Lap-jointed flanges are another common type. This type is used on stub ends of a pipe. The pipe slides over the flange, which seats on the back of the stub end. A bolt holding the two parts together is used to tighten the connection. There are also a number of variations of lap joint flanges, each with its own advantages.

Despite the fact that threaded flanges are relatively common in piping applications, the differences between them are important. Depending on the type of piping and its fluid, you may require special controls. When piping is connected, threaded flanges are the most common. They allow a leak-free connection, which makes them a preferred choice in piping applications.

Slip-on Flanges

Slip-on flanges are used in piping applications and are designed for use in various types of piping systems. They provide smoothbores and are ideal for piping systems that handle high pressure and the flow of fluids. They are designed in standard sizes, with dimensions and ratings set by the American Society of Mechanical Engineers (ASME). Other common world standards include DIN for Europe and JIS for Japan and Korea. In choosing the right slip-on flange for a particular application, it is important to consider the outside diameter, thickness, and bore circle diameter of the pipe.

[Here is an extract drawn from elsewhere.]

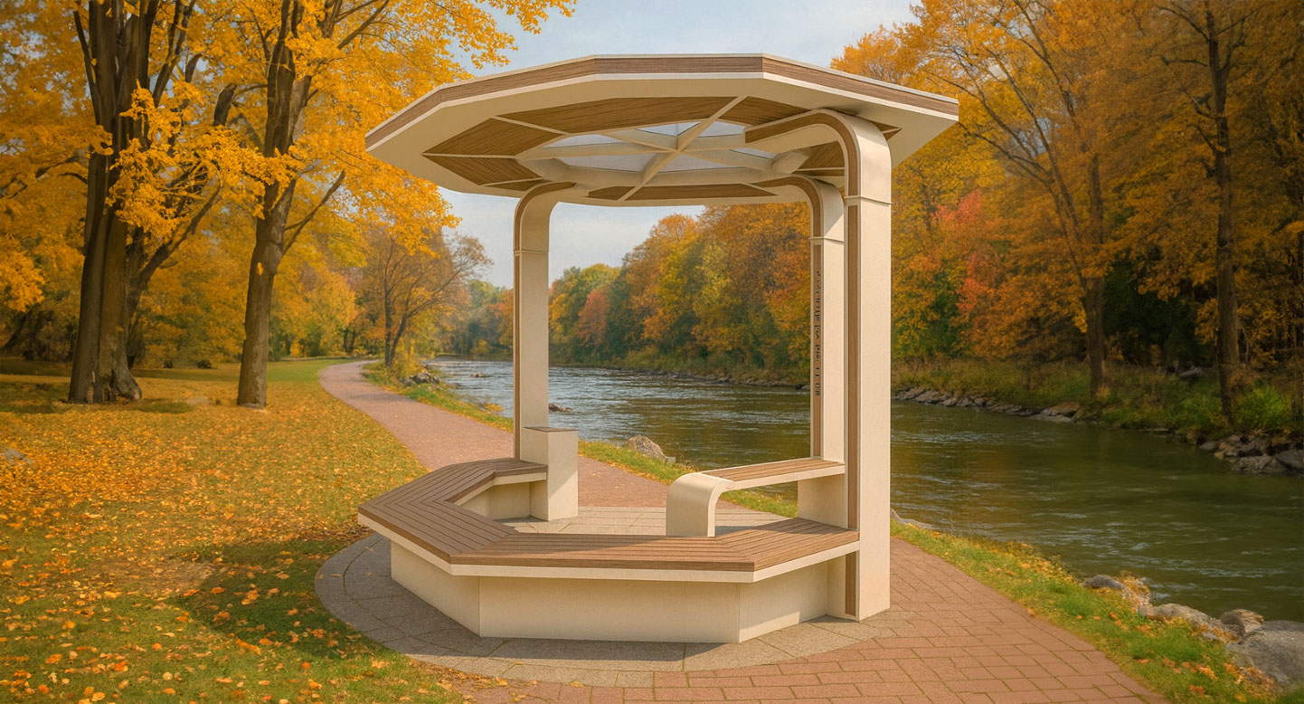 오픈브리즈 파빌리온 (Open Breeze Pavilion)|GC-P-342 제품목록으로 바로가기 자료 및 바로가기 나라장터 바로연결 도면 다운로드 시공사진 보러가기 기타 팔각 루프와 투명 패널로 밝고 개방감을 강조한 쉼터로, 곡선 벤치와 우드 패널이 따뜻한 분위기를 더해 가족·커뮤니티 공간에 자연스럽게 어울립니다. 제품명 오픈브리즈 파빌리온 (Open Breeze Pavilion)|GC-P-342 물품식별번호 25565427 규격 3,880 × 3,880 × 2,600(H) 재질 stl, galvanized, polycarbonate, hard wood, hpl 오픈브리즈 파빌리온 (Open Breeze Pavilion)|GC-P-342 물품식별번호 25565427 규격 3,880 × 3,880 × 2,600(H) 재질 stl, galvanized, polycarbonate, hard wood, hpl 기타 팔각 루프와 투명 패널로 밝고 개방감을 강조한 쉼터로, 곡선 벤치와 우드 패널이 따뜻한 분위기를 더해 가족·커뮤니티 공간에 자연스럽게 어울립니다. 자료 및 바로가기 나라장터 바로연결 도면 다운로드 시공사진 보러가기

Slip-on flanges can be used in a variety of piping applications. They are commonly used in applications where there is low pressure and high pressure. The ASME B16.5 Code sets the weight class and design for slip-on flanges and restricts their use to 1500# and 2500#. Slip-on flanges are available in flat-face and raised-face designs and have a variety of connection options. Slip-on flanges are ideal for piping systems that must maintain a steady stream of steam or cool water.

The flanges are installed on the pipe to maintain the correct specifications. They can be screwed, welded, or threaded. They are best suited for low-pressure fluids and are often used on cooling water, firefighting water, and compressed airlines. Depending on the type of application, slip-on flanges can be installed in small or large diameters.

Another type of slip-on flange is called the weld-neck flange. Its hub gradually tapers towards the pipe’s surface. This type of flange is welded to the pipe and provides increased strength under variable forces. They are commonly used in lower pressure applications and are also known as “ring style” flanges. In addition to the weld-neck, socket weld flanges have a high degree of fatigue strength and are used on smaller pipe sizes.

In addition to the slip-on flange, you can also select a lap joint flange. It is used on piping with lapped or lap joint stub ends. Lap joint flanges can rotate on the pipe to make it easy to align the bolt holes. This type is ideal for systems that require frequent disassembly and re-installation.